For years, my mother always asked me the same question: “Do you know how much you are loved?” And for years, I always perceived this as her coddling me. I did not think of her doting affection as anything more than the unconditional attachment of parents to their kids. But I see it differently now. I see this as not just maternal endearment, but also the poetic power of Black love. A love richly expressive and deeply devoted. Like the kind depicted in a scene from When They See Us, a Netflix docuseries about the Exonerated Five. In the film, Antron McCray — a falsely accused and newly imprisoned Black boy — tells his mother that he feels the nation’s hate weighing on his shoulders. The mother, Linda McCray, replies with fierce conviction: “I love you enough to make up for everybody.” It is a wide-ranging love, encompassing the kind seen brimming in Nikki Giovanni’s 1971 conversation with fellow writer James Baldwin in which the luminaries ponder race and responsibility as they gaze and smile at each other with enough warmth to counter all the cruelty of an anti-Black world. This love, a distinctly and beautifully Black love, is what nurtures me. And it is this love that keeps my community alive.

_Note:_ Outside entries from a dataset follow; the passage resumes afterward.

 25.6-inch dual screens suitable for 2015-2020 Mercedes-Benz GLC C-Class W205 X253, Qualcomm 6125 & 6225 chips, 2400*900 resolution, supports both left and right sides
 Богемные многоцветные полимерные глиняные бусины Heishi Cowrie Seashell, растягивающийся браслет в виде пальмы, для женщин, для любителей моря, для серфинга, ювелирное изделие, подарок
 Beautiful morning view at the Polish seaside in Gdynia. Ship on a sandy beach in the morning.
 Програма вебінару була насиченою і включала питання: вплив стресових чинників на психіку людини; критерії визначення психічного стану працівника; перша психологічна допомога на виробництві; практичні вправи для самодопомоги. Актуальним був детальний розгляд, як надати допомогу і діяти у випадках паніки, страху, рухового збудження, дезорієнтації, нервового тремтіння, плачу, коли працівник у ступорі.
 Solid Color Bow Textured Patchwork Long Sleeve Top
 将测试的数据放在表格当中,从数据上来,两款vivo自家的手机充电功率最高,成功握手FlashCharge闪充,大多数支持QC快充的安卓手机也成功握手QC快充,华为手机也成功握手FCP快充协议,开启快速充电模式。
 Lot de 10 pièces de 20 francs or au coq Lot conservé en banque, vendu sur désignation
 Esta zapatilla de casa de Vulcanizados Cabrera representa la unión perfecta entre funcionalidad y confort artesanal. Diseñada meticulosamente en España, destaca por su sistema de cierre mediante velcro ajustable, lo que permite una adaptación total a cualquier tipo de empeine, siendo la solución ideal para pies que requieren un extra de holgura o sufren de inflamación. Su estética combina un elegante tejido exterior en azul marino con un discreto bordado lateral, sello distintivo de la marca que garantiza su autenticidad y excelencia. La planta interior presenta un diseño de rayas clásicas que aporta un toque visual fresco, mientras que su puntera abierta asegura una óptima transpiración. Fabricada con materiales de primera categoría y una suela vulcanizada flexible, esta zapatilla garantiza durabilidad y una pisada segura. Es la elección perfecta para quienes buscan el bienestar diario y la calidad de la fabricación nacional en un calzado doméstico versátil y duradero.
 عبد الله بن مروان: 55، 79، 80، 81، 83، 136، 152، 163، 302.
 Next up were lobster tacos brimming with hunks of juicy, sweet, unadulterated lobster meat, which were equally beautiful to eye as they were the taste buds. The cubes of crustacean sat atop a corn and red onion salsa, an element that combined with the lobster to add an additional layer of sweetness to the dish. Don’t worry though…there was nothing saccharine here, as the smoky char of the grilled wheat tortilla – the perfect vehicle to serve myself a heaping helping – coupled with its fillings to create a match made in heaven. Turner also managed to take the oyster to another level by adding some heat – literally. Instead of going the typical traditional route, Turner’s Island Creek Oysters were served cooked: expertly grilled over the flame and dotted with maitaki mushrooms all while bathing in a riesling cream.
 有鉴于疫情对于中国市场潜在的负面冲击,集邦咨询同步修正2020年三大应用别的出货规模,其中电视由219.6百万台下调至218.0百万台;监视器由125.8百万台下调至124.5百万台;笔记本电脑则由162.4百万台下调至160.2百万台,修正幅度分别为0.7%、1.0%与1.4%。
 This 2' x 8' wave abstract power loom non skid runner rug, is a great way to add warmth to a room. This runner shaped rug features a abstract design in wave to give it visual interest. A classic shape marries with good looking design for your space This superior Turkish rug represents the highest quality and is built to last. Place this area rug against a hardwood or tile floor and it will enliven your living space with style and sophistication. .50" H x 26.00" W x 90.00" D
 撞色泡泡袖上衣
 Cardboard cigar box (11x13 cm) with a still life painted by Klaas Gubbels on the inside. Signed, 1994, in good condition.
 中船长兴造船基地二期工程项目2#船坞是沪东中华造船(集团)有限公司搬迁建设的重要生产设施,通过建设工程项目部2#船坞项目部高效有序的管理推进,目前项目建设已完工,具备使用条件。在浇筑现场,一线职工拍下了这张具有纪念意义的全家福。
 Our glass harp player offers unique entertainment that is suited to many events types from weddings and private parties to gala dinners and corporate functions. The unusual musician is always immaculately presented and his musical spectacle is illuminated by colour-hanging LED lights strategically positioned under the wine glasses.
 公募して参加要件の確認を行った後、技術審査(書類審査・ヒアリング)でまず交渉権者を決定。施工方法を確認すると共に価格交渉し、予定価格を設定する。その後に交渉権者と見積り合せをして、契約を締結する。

In the 1993 film A Bronx Tale, an Italian boy named Calogero questions his pursuit of an interracial romance. When he reveals this to Sonny, the mobster who mentors him, Sonny encourages Calogero to court the Black girl he longs for because she might be his first great love. I think of Sonny’s words when I remember how I first fell in love with Black people and the culture they created. I was in the second grade at Lemira Elementary School, and students were preparing to take a standardized test. That year, my principal, Ms. Baxter, hosted a talent show to motivate students to excel on the test. At the show, she and other female teachers performed Beyoncé’s “Irreplaceable,” their arms swaying to the left to coincide with the song’s lyrics. I gazed up at them, admiring the grace and freedom of these Black women. I loved how the light motion of their limbs gave them the appearance of flight, of angelic elegance. Another act, a group of fifth-graders, performed rapper Unk’s iconic crunk song, “Walk It Out,” while wearing black sunglasses. I marveled at their flamboyance as they zig-zagged across the stage and crossed their arms against their chests with elite swagger. I idolized them more than any diamond-mouthed rapper whose choreography they imitated. After the curtains closed, I beamed and clapped, holding adoration for the Black performers in my small hands. That day, Black people became my great love, their beauty and brilliance forever etched in my mind.
In August, a clip went viral of Howard University students singing the lyrics to “Love,” a song by R&B singer Keyshia Cole. I watched the video on Instagram, smiling at the scene of Black people fully present in their bliss and enjoying the energy of their community. The video also reminded me of how, as a child, I sang the song as if I had lost the purest of love affairs. Like the Howard students, my voice would soar and stumble shamelessly and joyously over the “fou-ou-ou-ou-ound” part of the chorus. As one commenter on Instagram wrote, Cole’s “Love” is one of those undeniable Black spirituals – felt with whole heart and naked soul. It is a song that captures our zest for life, our heartache and our embodied freedom. A song that holds the blues and infinite color of Black romance. So when Howard students and I belt it to the limits of our lung capacities, no one can deny the depths of our love, the might of our aliveness.
Last month, Literary Hub published a piece entitled, “The Miracle of Black Love: On the Greater Meaning of My Parents’ Enduring Marriage.” The essay is an excerpt from scholar Farah Jasmine Griffin’s new book, Read Until You Understand: The Profound Wisdom of Black Life and Literature, which I plan to read. The excerpt made me realize that the love that Black people make, feel and share is a powerful and animating force. It exists in my mother’s sweet gestures, in the panache that we parade across the stage and in the heart of Howard’s campus. It also resides in writers like me who document and dedicate odes to our tenderness. So, Black people, I hope we always recognize the force of our feelings. And I hope that we always remember how immensely, how urgently and how beautifully we are loved.
Zeniya Cooley, a junior majoring in journalism and mass communication, is an opinions columnist.